I've been writing a script that sifts through the unic-xxx.tex files to 
get a readable mapping what Unicode characters are supported using 
\Amacron-style names.

In the process I found one bug and something that might be another bug:

- the Cyrillic block (unic-004.tex) is missing an \unknownchar line for 
U+04CF, so that the remaining (few) glyphs are off by one

- the Hebrew block (unic-005.tex) starts with a \numexpr line indicating 
an offset of 224 = E0; however, the first character in the list is 
U+05D0.  So either the whole block is off by 16, starting at 0x0490 
instead of 0x0500, or the 224 should be a 208 (=D0) instead.  BTW 
unic-005.tex is the only file with Macintosh line endings. Are the 
unic-xxx files automatically generated or maintained by hand?

Incidentally, it would be trivial now to put the list of ConTeXt glyphs 
on the Wiki, if anyone's interested.

I wanted to use this to work towards better support for the whole range 
of ConTeXt glyphs with OpenType fonts under XeTeX, by reading what 
ConTeXt glyphs are available in a font and building a list of 
"\catcode`ā=\active \def ā {\amacron}"-style list for the rest. 
(Unfortunately this kind of list would be font-specific, but the generic 
alternative would be a huge list of active characters with an 
\ifnum\XeTeXcharglyph"....>0 macro behind it, and that would probable be 
quite slow.)  I wonder if there is a more intelligent way to achieve 
this goal; since part of the logic for mapping code points into glyph 
macros exists already, it would be easier if there was a way to reuse that.

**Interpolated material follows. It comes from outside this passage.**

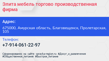 Элита мебель, торгово-производственная фирма по адресу 675000, Амурская область, Благовещенск, Пролетарская, 105 в дальнейшем Организация, размещена в следующих категориях:

The best way out would be if I could enable ConTeXt's UTF-8 regime while 
running XeTeX in \XeTeXinputencoding=bytes mode, but I haven't gotten 
that to work yet.

Philipp

_______________________________________________
ntg-context mailing list
ntg-context@ntg.nl
http://www.ntg.nl/mailman/listinfo/ntg-context

^ permalink raw reply	[flat|nested] 12+ messages in thread

* Re: unic-xxx.tex glyph lists: minor bugs, questions
  2006-11-05  1:24 unic-xxx.tex glyph lists: minor bugs, questions Philipp Reichmuth
@ 2006-11-05 14:27 ` Hans Hagen
  2006-11-06 22:56   ` Philipp Reichmuth
  2006-11-09 16:51   ` Mojca Miklavec
  0 siblings, 2 replies; 12+ messages in thread
From: Hans Hagen @ 2006-11-05 14:27 UTC (permalink / raw)


Philipp Reichmuth wrote:
> I've been writing a script that sifts through the unic-xxx.tex files to 
> get a readable mapping what Unicode characters are supported using 
> \Amacron-style names.
>   
mtxtools can create such lists using the unicode consotium glyph table, 
mojca's mapping list and enco/regi files

we use mtxtools to create the tables needed for xetex (used for case 
mapping) and luatex (more extensive manipulations)
> In the process I found one bug and something that might be another bug:
>
> - the Cyrillic block (unic-004.tex) is missing an \unknownchar line for 
> U+04CF, so that the remaining (few) glyphs are off by one
>   
just mail me the patched file
> - the Hebrew block (unic-005.tex) starts with a \numexpr line indicating 
> an offset of 224 = E0; however, the first character in the list is 
> U+05D0.  So either the whole block is off by 16, starting at 0x0490 
> instead of 0x0500, or the 224 should be a 208 (=D0) instead.  BTW 
> unic-005.tex is the only file with Macintosh line endings. Are the 
> unic-xxx files automatically generated or maintained by hand?
>   
maintained by hand, again, just send me the fixed file, but we need to 
make sure that the fix is ok (i.e. works as expected)
> Incidentally, it would be trivial now to put the list of ConTeXt glyphs 
> on the Wiki, if anyone's interested.
>   
there is a file  contextnames.txt in the distributions (maintained by 
mojca), while the not yet distributed char-def.lua has the info for luatex
> I wanted to use this to work towards better support for the whole range 
> of ConTeXt glyphs with OpenType fonts under XeTeX, by reading what 
> ConTeXt glyphs are available in a font and building a list of 
> "\catcode`ā=\active \def ā {\amacron}"-style list for the rest. 
> (Unfortunately this kind of list would be font-specific, but the generic 
> alternative would be a huge list of active characters with an 
> \ifnum\XeTeXcharglyph"....>0 macro behind it, and that would probable be 
> quite slow.)  I wonder if there is a more intelligent way to achieve 
> this goal; since part of the logic for mapping code points into glyph 
> macros exists already, it would be easier if there was a way to reuse that.
>   
best take a look at mtxtools; if needed we can generate the definitions 
; concerning speed, it will not be that slow, because tex is quite fast 
on such tests (unless XeTeXcharglyph is slow due to lib access); the 
biggest thing is to make sure that things don't expand in unwanted ways.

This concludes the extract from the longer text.